En second lieu, en l’absence de tout autre argument, les moyens tirés de la méconnaissance de l’article 8 de la convention européenne de sauvegarde des droits de l’homme et des libertés fondamentales et du droit au séjour défini par le 5° de l’article 6 de l’accord franco-algérien, doivent être écartés pour les motifs qui ont été exposés au point 7.
Sur la légalité de l’interdiction de retour sur le territoire français :
Cette décision ayant été annulée et le jugement n’étant pas contesté sur ce point, les moyens invoqués à l’encontre de l’interdiction de retour sur le territoire français sont sans portée utile.
Il résulte de tout ce qui précède que Mme C… n’est pas fondée à soutenir que c’est à tort que, par le jugement attaqué, la magistrate désignée par la présidente du tribunal administratif de Clermont-Ferrand a rejeté le surplus des conclusions de sa demande. Par voie de conséquence, ses conclusions d’appel à fin d’injonction ainsi que celles tendant à l’application des dispositions de l’article L. 761-1 du code de justice administrative doivent également être rejetées.
DECIDE :
Article 1er : La requête de Mme C… est rejetée.
Article 2 : Le présent arrêt sera notifié à Mme B… A… épouse C… et au ministre de l’intérieur.
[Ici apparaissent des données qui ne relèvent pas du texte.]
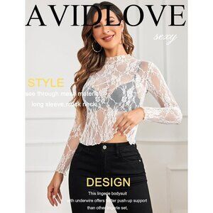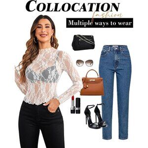 Women White Mesh Top Long Sleeve Mock Neck Sheer Blouse Floral Lace Tops
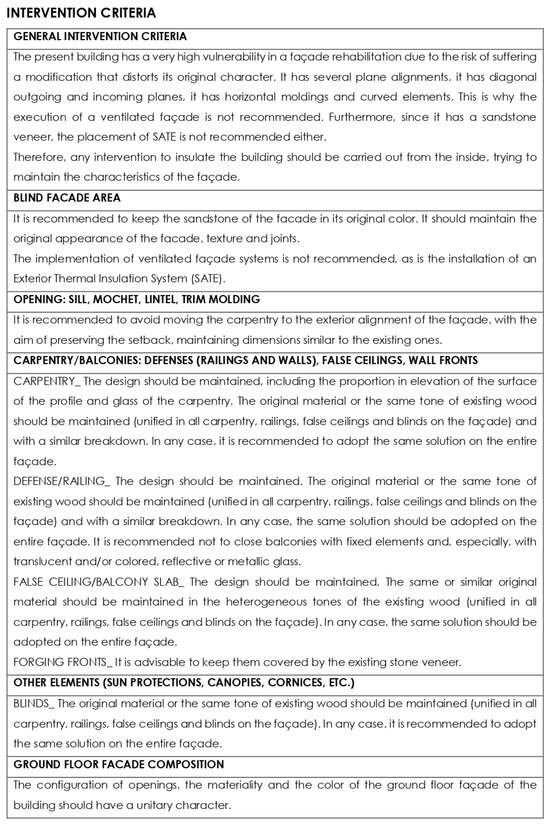 24]. Therefore, it is essential to establish applicable recommendations, based on scientific studies that support criteria for intervention in existing buildings [
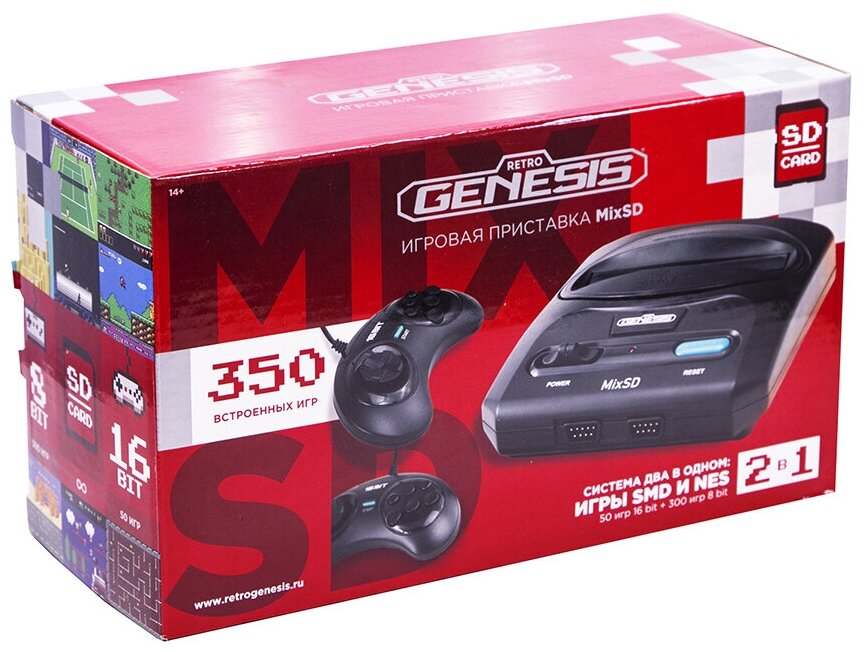 Игровая приставка Retro Genesis MixSD (8+16Bit) + 350 игр ( модель: ZD-01D, серия: ZD-00, AV кабель, microSD слот, 2 проводных джойстика)
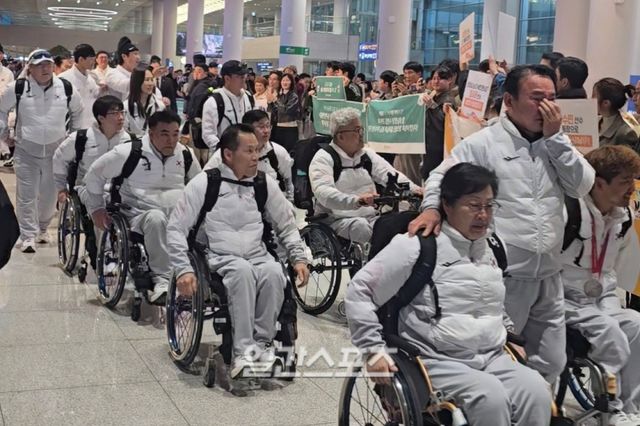 인천공항을 가득 메운 인파들의 환호와 박수 속에 입장하던 그 순간, 밝은 표정의 선수들 사이 펑펑 눈물을 쏟고 있던 사람이 있었다. 윤경선 대한장애인컬링협회장이다. 2026 밀라노·코르티나 동계패럴림픽 휠체어컬링 선수들의 휠체어를 끌며 해단식 행사장에 입장한 윤 회장은 행진 내내 뜨거운 눈물을 흘리며 얼굴을 붉혔다.
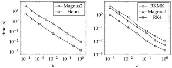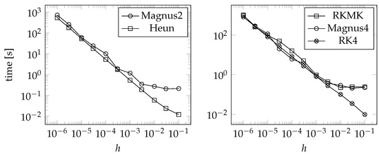 - Munthe-Kaas, H. Runge-Kutta methods on Lie groups. BIT Numer. Math. 1998, 38, 92–111. [Google Scholar] [CrossRef]

Copie en sera adressée au préfet de l’Allier.
Délibéré après l’audience du 28 octobre 2025, à laquelle siégeaient :
M. Pourny, président de chambre,
M. Stillmunkes, président assesseur,
M. Gros, premier conseiller.
Rendu public par mise à disposition au greffe le 13 novembre 2025.
Le rapporteur,
H. Stillmunkes
Le président,
F. Pourny
La greffière,
N. Lecouey
La République mande et ordonne au ministre de l’intérieur, en ce qui le concerne, ou à tous commissaires de justice à ce requis, en ce qui concerne les voies de droit commun contre les parties privées, de pourvoir à l’exécution de la présente décision.